How to Raise an Intuitive Eater

How to Raise an Intuitive Eater by Sumner Brooks and Amee Severson

Food is a common battleground for parents and kids at all stages. Sumner Brooks and Amee Severson’s How to Raise an Intuitive Eater: Raising the Next Generation With Food and Body Confidence link those family battles to diet culture, the messages about weight and appearance that we’re all bombarded with. They connect diet culture, including medical messaging, to shame, mental illness and negativity about food and the body. Eating disorders, the authors note, are among the mental illnesses that are hardest to treat. The good news is that kids are born intuitive eaters, their brains and bodies wired to know when and how much to eat. To build an intuitive eating family framework, the authors offer strategies such as their “add-in, pressure-off” approach: Instead of limiting foods, or labeling some foods bad and others good, focus on adding more variety. And instead of rules and commentary (“You must eat two bites!” “I can’t believe you’re not eating that!”), focus on providing the meal and letting the child decide how much to eat. Though sometimes dense, How to Raise an Intuitive Eater is a thoughtful and comprehensive resource.

The Teen Interpreter

The Teen Interpreter by Terri Apter

In The Teen Interpreter: A Guide to the Challenges and Joys of Raising Adolescents, England-based psychologist and researcher Terri Apter aims to help parents engage with their teens’ struggles. “Try to see what your teen is seeing; try to understand what your teen is feeling,” Apter writes. Drawing on 35 years of studying teens and families, Apter describes some of the biggest challenges for teens and parents through the lens of teen brain development.

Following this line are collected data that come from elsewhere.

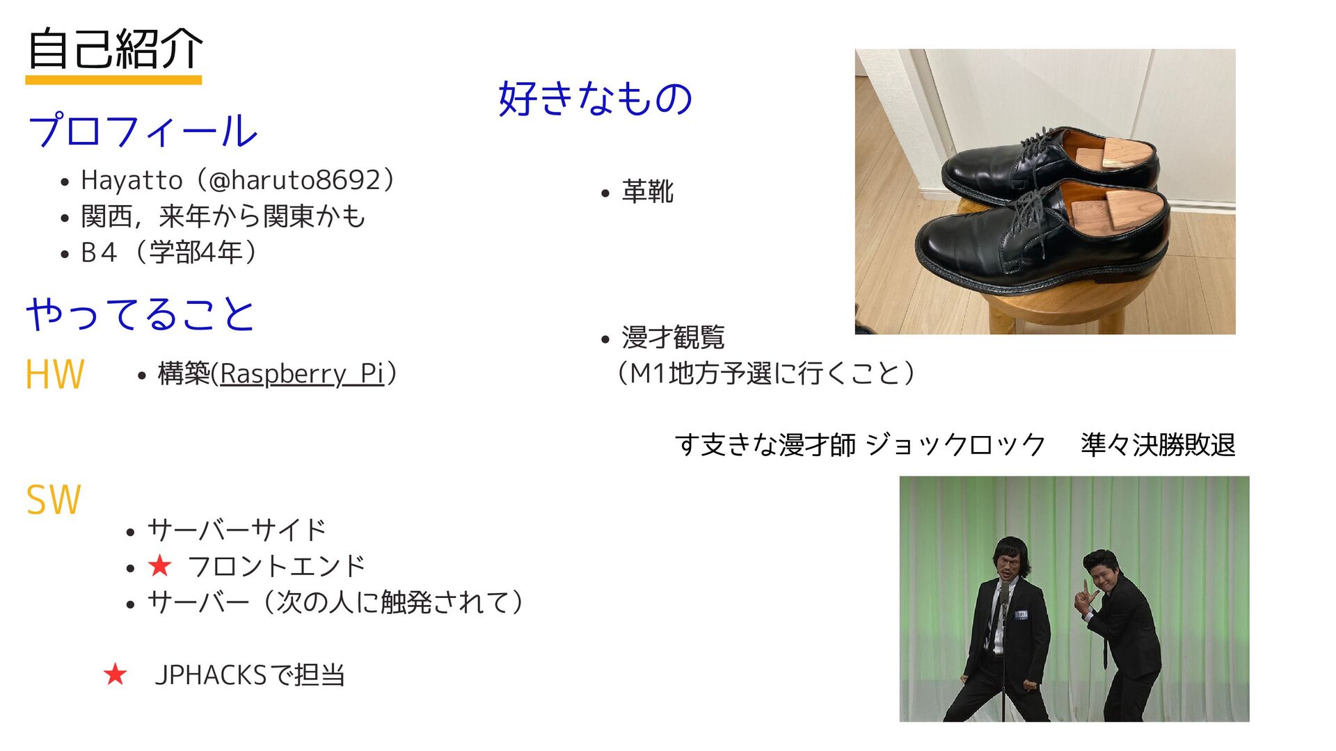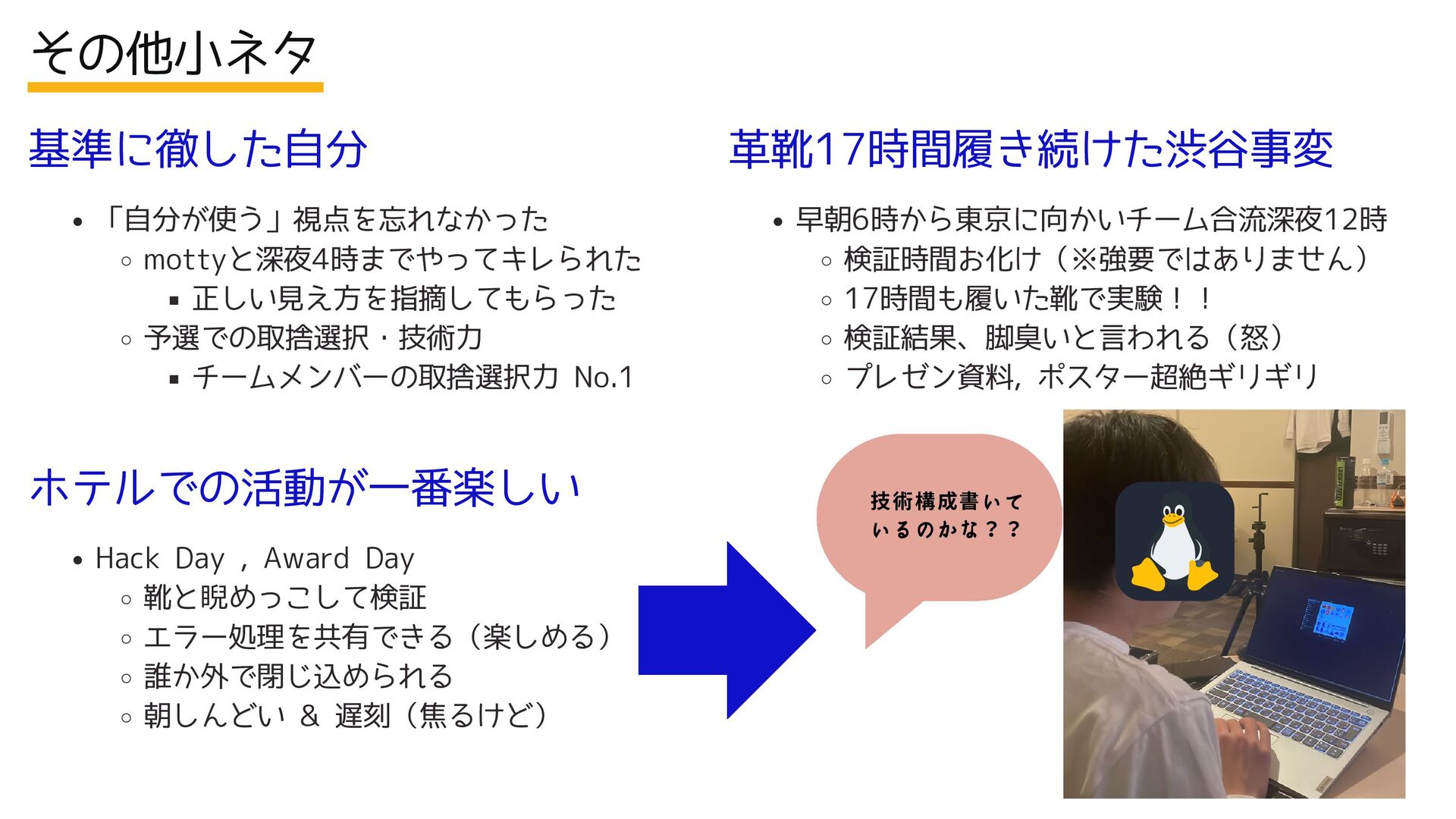 遅刻(焦るけど) その他小ネタ ホテルでの活動が一番楽しい 「自分が使う」視点を忘れなかった mottyと深夜4時までやってキレられた 正しい見え方を指摘してもらった 予選での取捨選択・技術力 チームメンバーの取捨選択力 No.1 基準に徹した自分 早朝6時から東京に向かいチーム合流深夜12時 検証時間お化け(※強要ではありません) 17時間も履いた靴で実験!! 検証結果、脚臭いと言われる(怒) プレゼン資料, ポスター超絶ギリギリ 革靴17時間履き続けた渋谷事変 技術構成書いて いるのかな??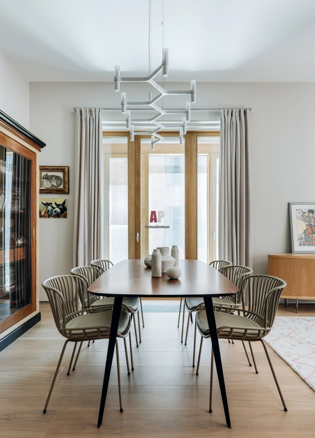 Столовая зона в гостиной. На полу жилых помещений – инженерная доска из дуба нестандартной, увеличенной ширины. Стол обеденный, La Redoute. Стулья обеденные, LaForma. Светильник, Nemo.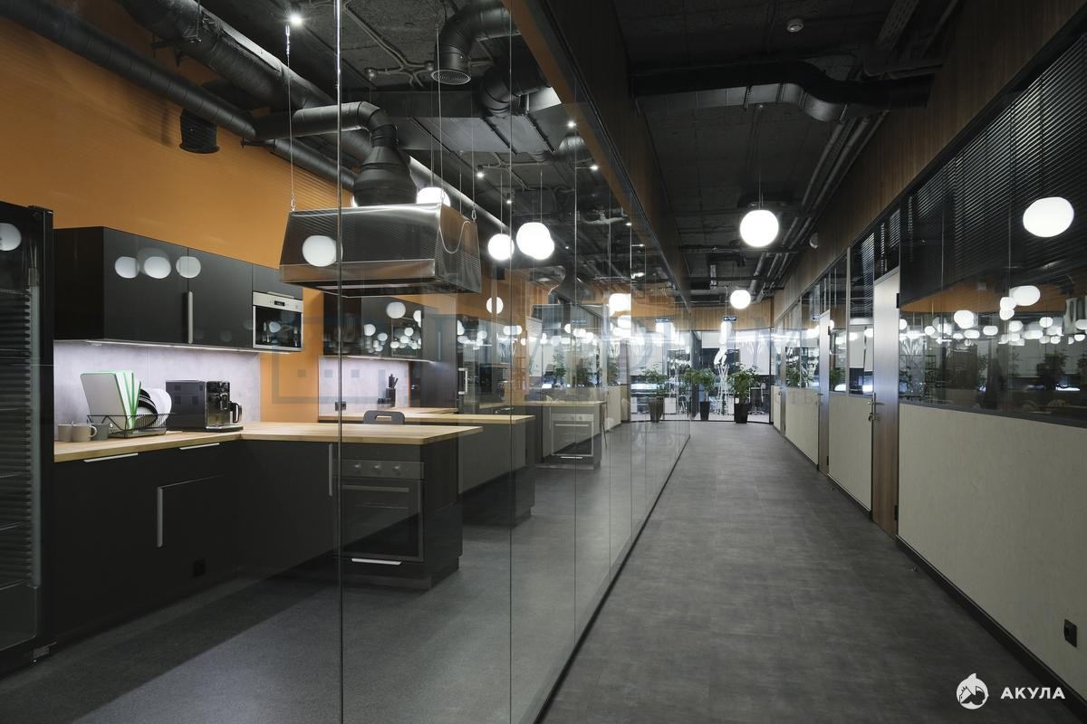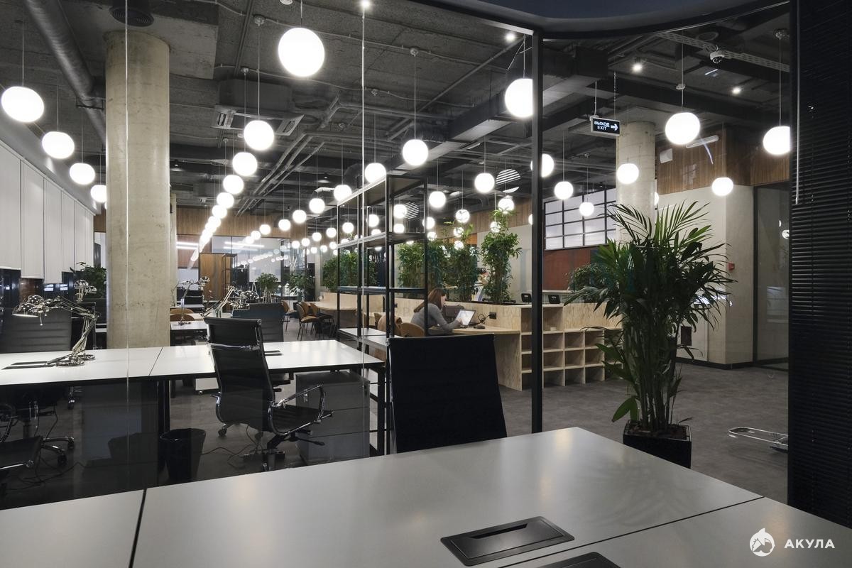 • Планировка смешанная: открытые залы сотрудников, кабинеты, переговорные комнаты, кухня, серверная, ресепшн, с/у, зона руководства.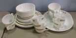 Five Corelle dinner plates, platter, three salad bowls, seven cups/saucers, seven cereal bowls & seven buillion cups Five Corelle dinner plates, platter, three salad bowls, seven cups/saucers, seven cereal bowls & seven buillion cups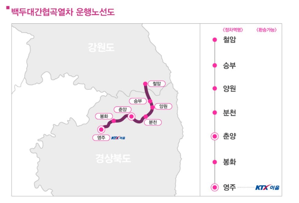 백두대간 협곡열차 운행 노선도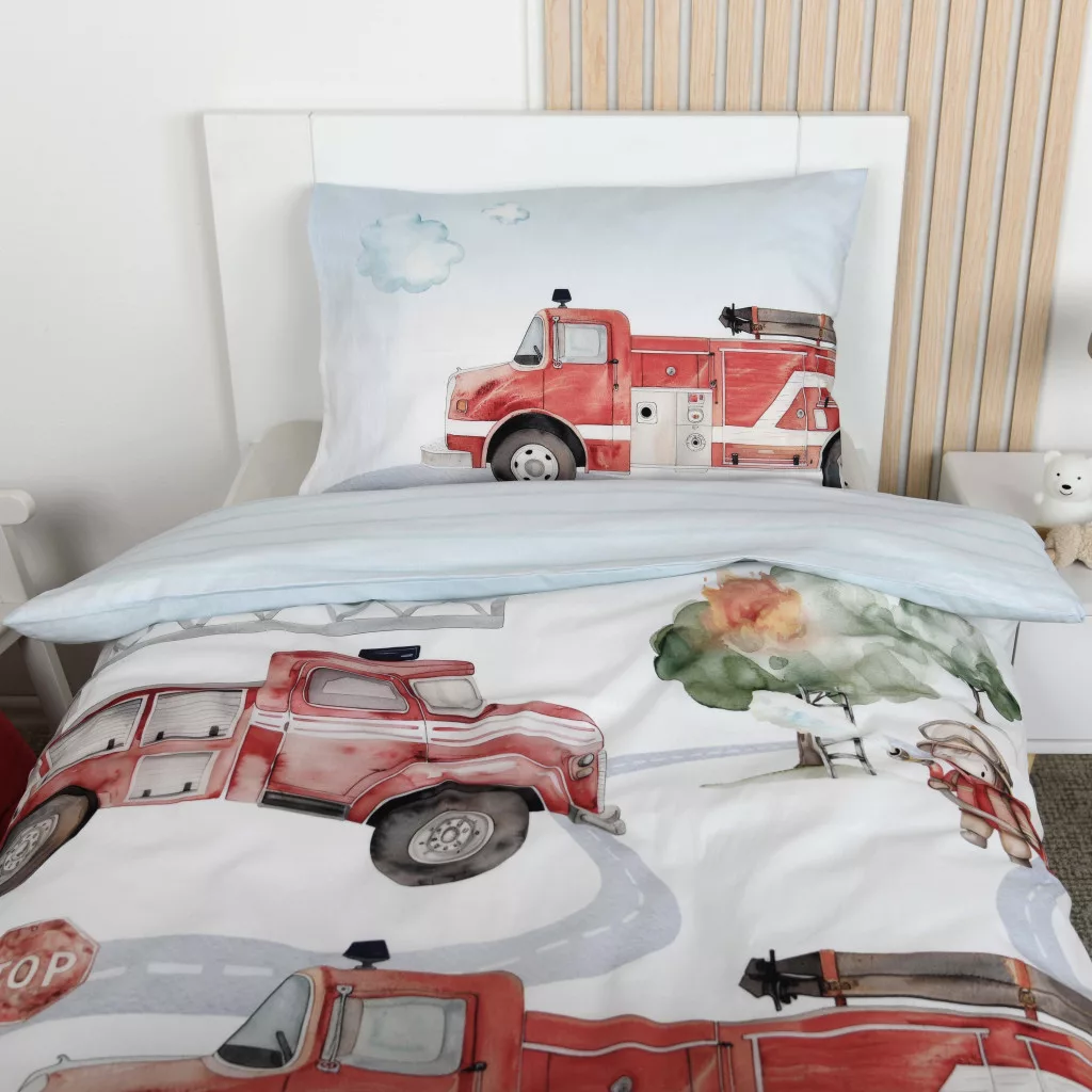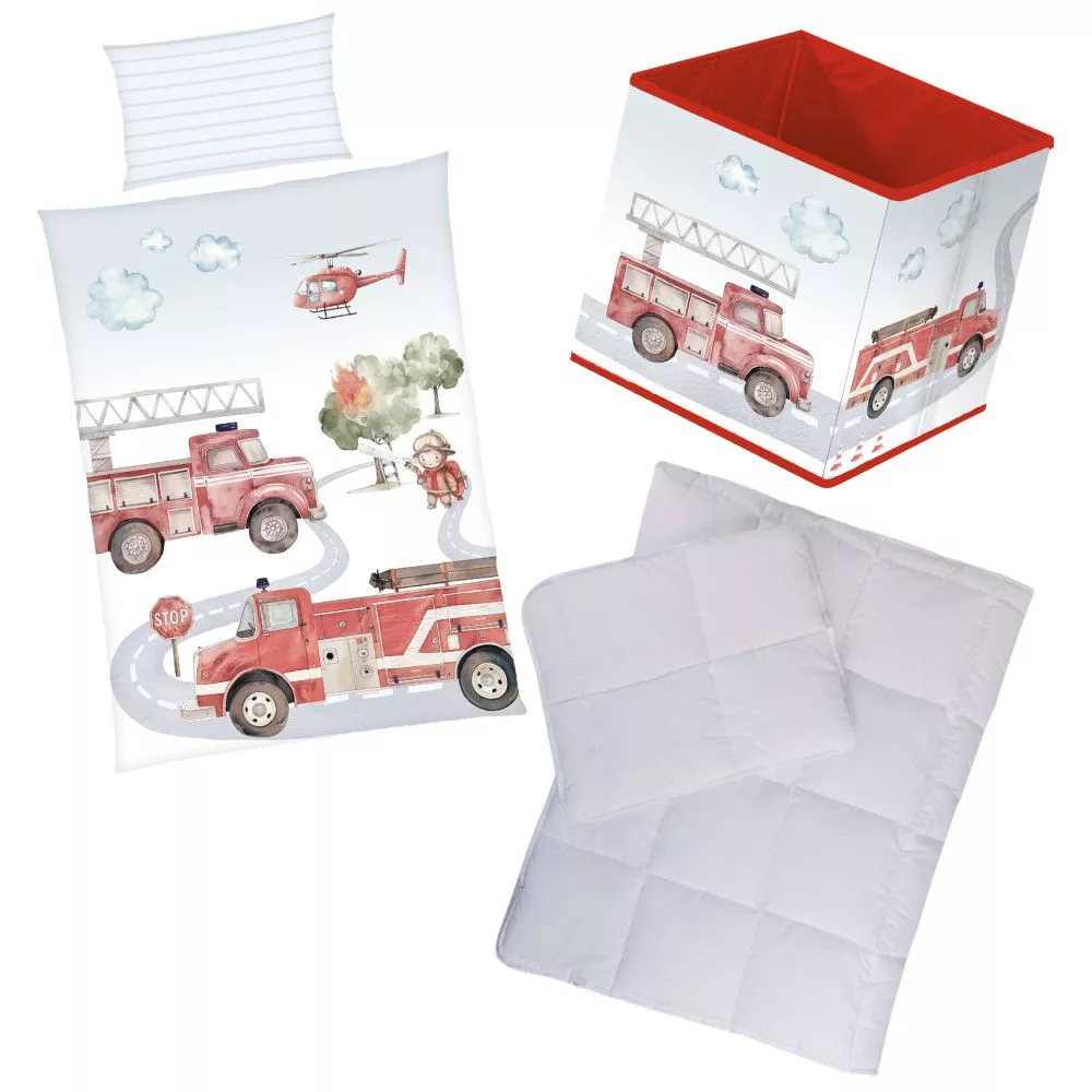 Tűzoltós mintás ovis ágyneműszett paplannal, párnával és 30×30×30 cm-es tárolódobozzal – tökéletes választás ovisoknak

As the teen brain remodels itself, changing dramatically, so do teens’ relationships, behavior, sense of identity and emotional responses (outbursts, rudeness, grumpy silences). Sometimes it can be tough to decipher what’s normal teen behavior and what might be mental illness, Apter notes. Throughout, The Teen Interpreter threads together research and teens’ stories, along with exercises for parents to communicate better and build stronger relationships with their teens, which in turn can help teens build resiliency through the challenging teen years and into young adulthood. It’s a clear and reassuring guide.

The Sleep-Deprived Teen

The Sleep-Deprived Teen by Lisa L. Lewis

In The Sleep-Deprived Teen: Why Our Teenagers Are So Tired, and How Parents and Schools Can Help Them Thrive, journalist Lisa L. Lewis lays out why sleep matters to teens’ well-being: A lack of sleep affects their mental health, their ability to learn and play sports, and their behavior. But paradoxically, it’s tough for teens to get a good night’s sleep (8 to 10 hours) because their body clocks have shifted; they’re biologically primed to wake later in the morning and fall asleep later at night. The Sleep-Deprived Teen opens with the story of the first teen sleep studies at Stanford University, emphasizing how little experts knew about sleep and the teen brain until recently. As the parent of a teen, Lewis helped get the first law in the country passed requiring later school start times. Since then, studies have found that teens who start school later are more likely to show up at school and do better on standardized tests, and less likely to get into car crashes or trouble after school. The last chapters of Lewis’ book even offer a map for parents aiming to change school start times in their own districts.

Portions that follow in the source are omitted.